Day 7. Finally! 🙌
This was supposed to be a 7-day challenge, but it took me well over a month. Work, life, everything else got in the way. But I kept chipping away at it one module at a time, and here we are. Mission accomplished.
The task for the final day was to build an executive assistant. And the funny thing is, I realised I'd already built one over the past six months without ever calling it that. So instead of building something new, I decided to just show it. I made a video that walks through the whole system: the genetic algorithm, the team of agents, the QA pairs, the scheduled routines, the memory layers. The whole thing.
But guess what, I never opened a video editor. The only two things in that video that I made are my voice and my face. Everything else, and the stitching of all of it into a finished film, was Claude.
So I recorded everything, then Claude transcribed that recording locally with Whisper, chopped it into caption cues, and burned the captions onto the video. It even caught its own transcription mistakes when I asked it to double-check them semantically.

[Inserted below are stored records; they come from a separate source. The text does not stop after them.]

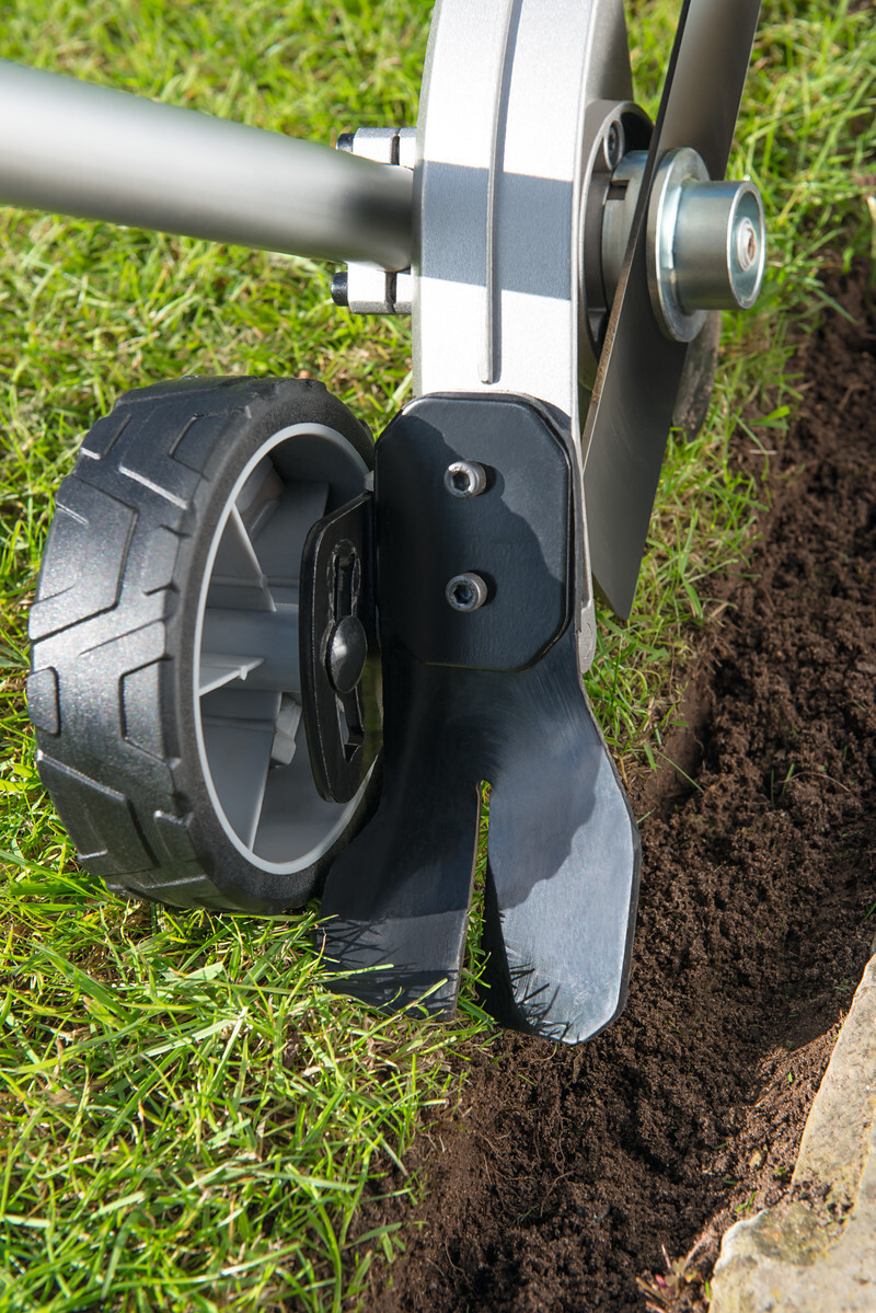 Přesné, pohodlné a hlavně rychlé začištění a zarovnání trávníku v přechodech trávníku na jiné povrchy snadno docílíte při použití nástavce se zařezávačem trávníku. Pracovní nůž o průměru 200 mm zařezávače je vyroben z vysoce odolné oceli se otáčí ve svislé rovině a zařezává do trávníku dle vámi zvoleného tvaru a směru. Hloubku řezu lze plynule nastavit tak, aby vyhovovala hloubce kořenového systému Vašeho trávníku. Značně Vám ulehčí dlouhodobou a otravnou manuální práci se zarovnáváním hrany travních ploch pomocí různých rýčů a škrabek. Nástavec je opatřen bezpečnostním ochranným krytem, tak, aby obsluha byla dostatečně ochráněna proti případnému odlétnutí kamínku a pod. Zavěšením celého stroje na jednostranný nosný popruh pohonné jednotky je práce se zařezávačem trávníku velmi snadnou a pohodlnou záležitostí.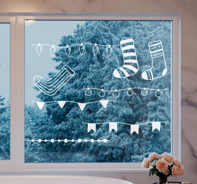 Brighten up your holiday season with our stunning Holiday sticker holiday sock display. This vibrant design features an enchanting array of stockings, Christmas ornaments, and festive garland, all beautifully illuminated by twinkling lights. Perfect for transforming your windows into a winter wonderland, this window sticker showcases charming socks and colorful banners that evoke the spirit of the holidays!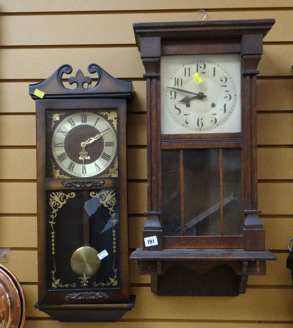 A vintage Vienna-style oak cased wall clock together with a modern wall clock
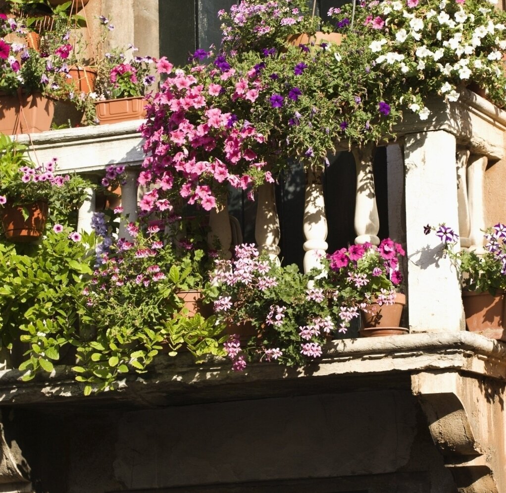 Даже если у вас нет загородного участка, это не повод отказываться от выращивания уличных цветов, тем более если у вас есть балкон. Давайте вместе подберем подходящие растения и подумаем как обустроить мини-клумбу, чтобы она и выглядела привлекательно, и не требовала от вас больших усилий. Мы начнём, а вы продолжите. Что учесть при озеленении балкона Есть несколько факторов, которые вы должны продумать заранее. Во-первых, это имеющаяся в вашем распоряжении площадь. От этого будет зависеть количество и размеры растений. Во-вторых, наличие остекления – это влияет на выбор культур по их устойчивости к внешним факторам. В-третьих, ваши возможности по уходу. Если вам особо некогда заниматься цветами, стоит выбрать неприхотливые варианты. Если вы часто уезжаете, надо позаботиться о поливе. В-четвертых, ознакомиться с характеристиками выбранных растений и с их учетом приобрести горшки и грунт. В-пятых, для вьющихся и ампельных растений необходимо предусмотреть опору. Варианты раз

Every slide you see was built as code. The genetic-algorithm diagram, the memory-as-a-desk explainer, the agent roster, even the little code-editor and terminal windows. None of that came from a slide making tool like Gamma. Claude wrote them as HTML and CSS in my brand colours, then rendered each one straight to an image, headless, without a browser window ever opening.
The cinematic intro, that moving coral light at the very start, is AI b-roll. Claude generated it with Higgsfield.
And then the part that ties it all together. Claude wrote the actual Python and ffmpeg that assembled the film. The crossfades between sections, the little circle of my face in the corner, the captions sitting just above the graphics, the timing of every cut to land with what I was saying. All of it, code that Claude wrote and ran.
So sit with that for a second. The video is about my AI system. And it was built by the exact same kind of AI system. The thing explained itself by being itself 🤣. That recursion is the whole point of what I've been building.
Anyway, now here is the bit I really want you to hear: if you are partway through this challenge, or you have been watching the videos and nodding along but you have not actually built anything yet, please finish it. Do all seven days. Not because a certificate matters, but because the knowledge was never the point. The reps are.
You do not learn this by watching Nate. You learn it by building your own thing, hitting a wall at 11pm, fixing it, and watching it work the next morning. I learned more from the workflows that broke on me than from any single video. Every mistake became a rule, and the rules compound.
And that, genuinely, is how you start an AI agency. Not by studying more. By picking one real project, building it end to end with Claude, shipping it, and then doing it again. This challenge is just a safe place to get your first reps in. And there's a whole community to help you if you're stuck.
So if you have been sitting on the fence, this is me telling you to jump. Do the seven days. Build it badly at first. Break things. Fix them. That is the actual job, and it is the most fun I have had in years.
A huge thank you to Nate and the whole AI Society team. The quality you put out every single day is genuinely incredible, and I would not have built any of this without it.
Congratulations Nate on hitting 400,000 people in the free community, and I cannot wait for the event in July.
Day 7, done. The whole challenge, done.